The blurb reads: “Carrying little more than a change of clothes and a pair of binoculars, two young Americans, Mark and Delia Owens, caught a plane to Africa, bought a third-hand Land Rover, and drove deep into the Kalahari Desert. There they lived for seven years, in an unexplored area with no roads, no people, and no source of water for thousands of square miles. In this vast wilderness [the couple] began their zoology research, working alongside animals that had never before been exposed to humans.”
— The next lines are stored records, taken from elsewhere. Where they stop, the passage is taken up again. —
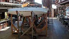 Freda was built in 1885 in Belvedere, California by saloon keeper Harry Cookson. Freda has been celebrated for her simple elegance, and called both the Common Man’s Yacht and the Matriarch of San Francisco Bay. She was owned by one of the early commodores of the Corinthian Yacht Club in Tiburon, California. Painstakingly restored in the 1950s by Harold Sommer, captain of the last wooden tugboat on San Francisco Bay, Freda became a fixture in the local Master Mariner fleet regattas, but has since suffered from years of deterioration.
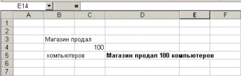 Введем в ячейку В3 текст «Магазин продал », в ячейку В5 – « компьютеров» (в конце первого текста и в начале второго стоят пробелы, чтобы при объединении строки не слипались), в ячейку С4 число 100. Объединим эти данные в ячейке D5, используя оператор сцепления:
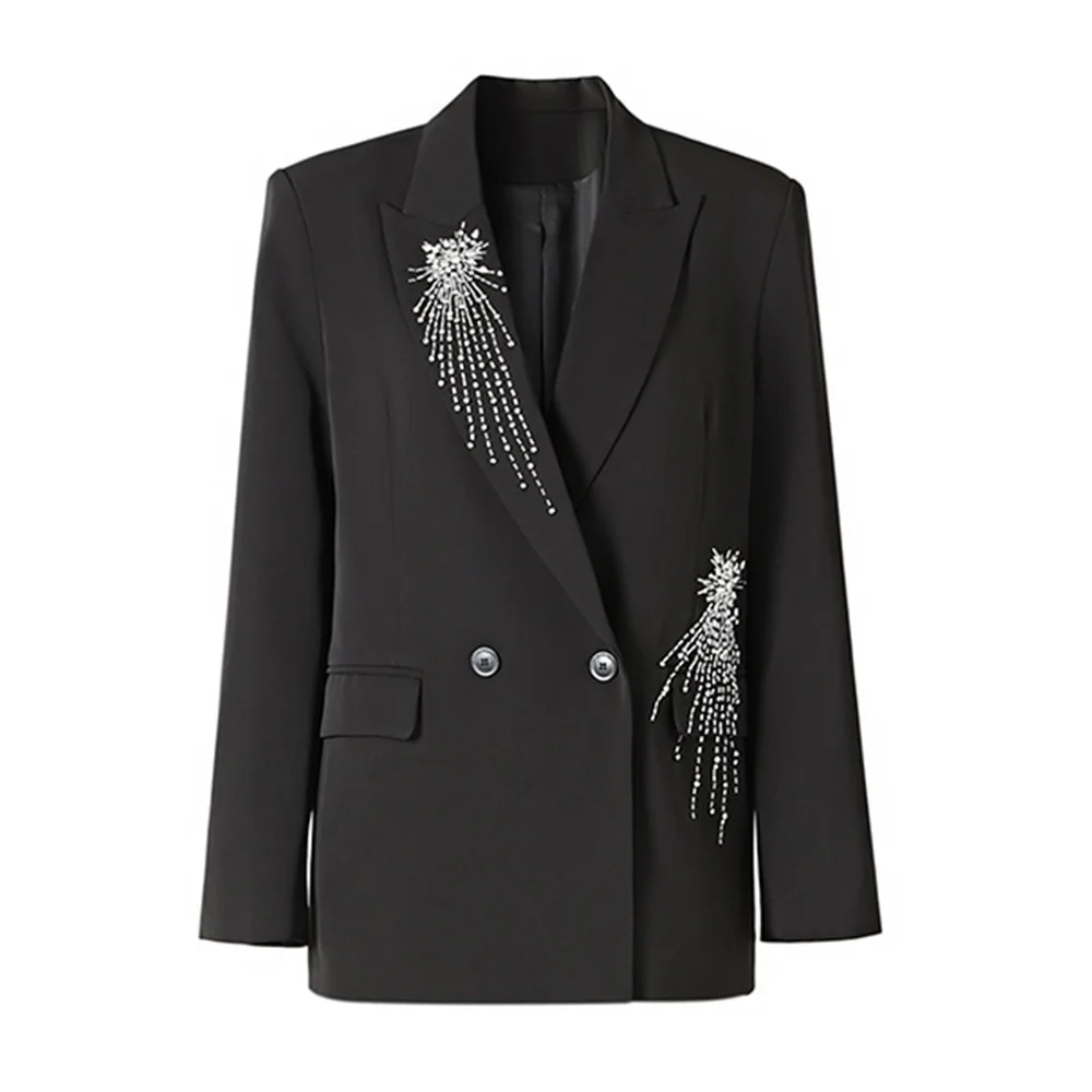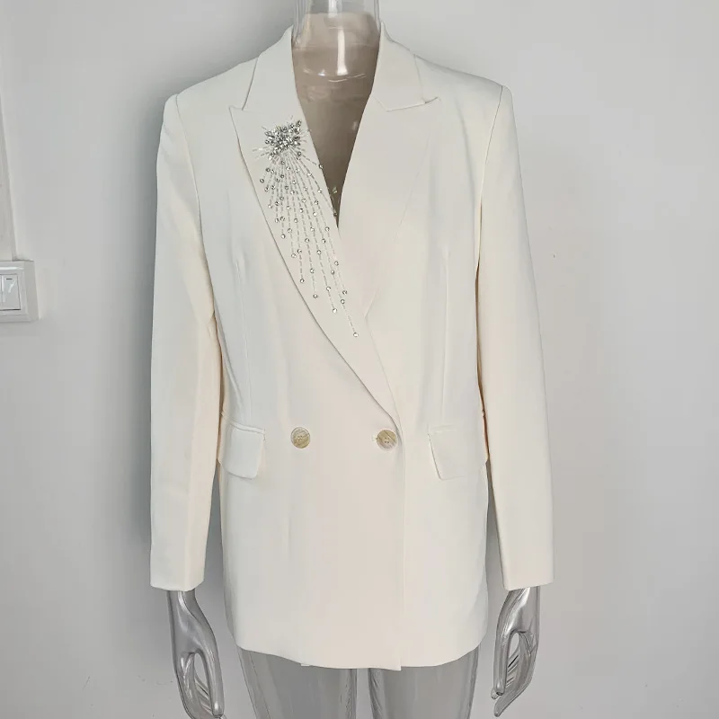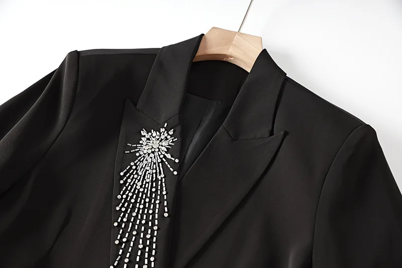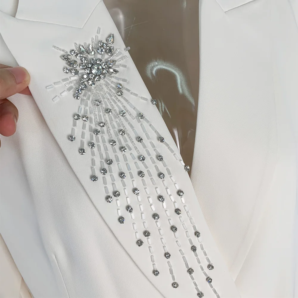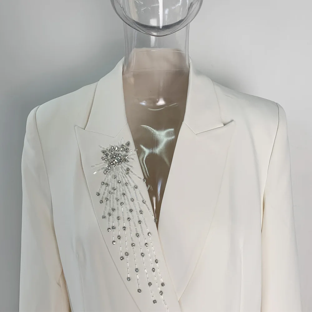 BA2240 Black And White Blazer Elegant Formal Long Sleeve Jacket Luxury Blazer With Crystal And Beading

“An international bestseller on original release, Cry of the Kalahari is the story of [their] life with lions, brown hyenas, jackals, giraffes, and the many other creatures they came to know. It is also a gripping account of how they survived the dangers of living in one of the last and largest pristine areas on Earth.”
Delia Owens is the co-author of two other non-fiction books about her life as a wildlife scientist in Africa. The bestselling North American-set Where the Crawdads Sing was her first novel, published by Corsair in the UK in 2019. It has now sold 310,624 units in paperback, excluding lockdown-era sales, according to Nielsen BookScan’s UK Total Consumer Market.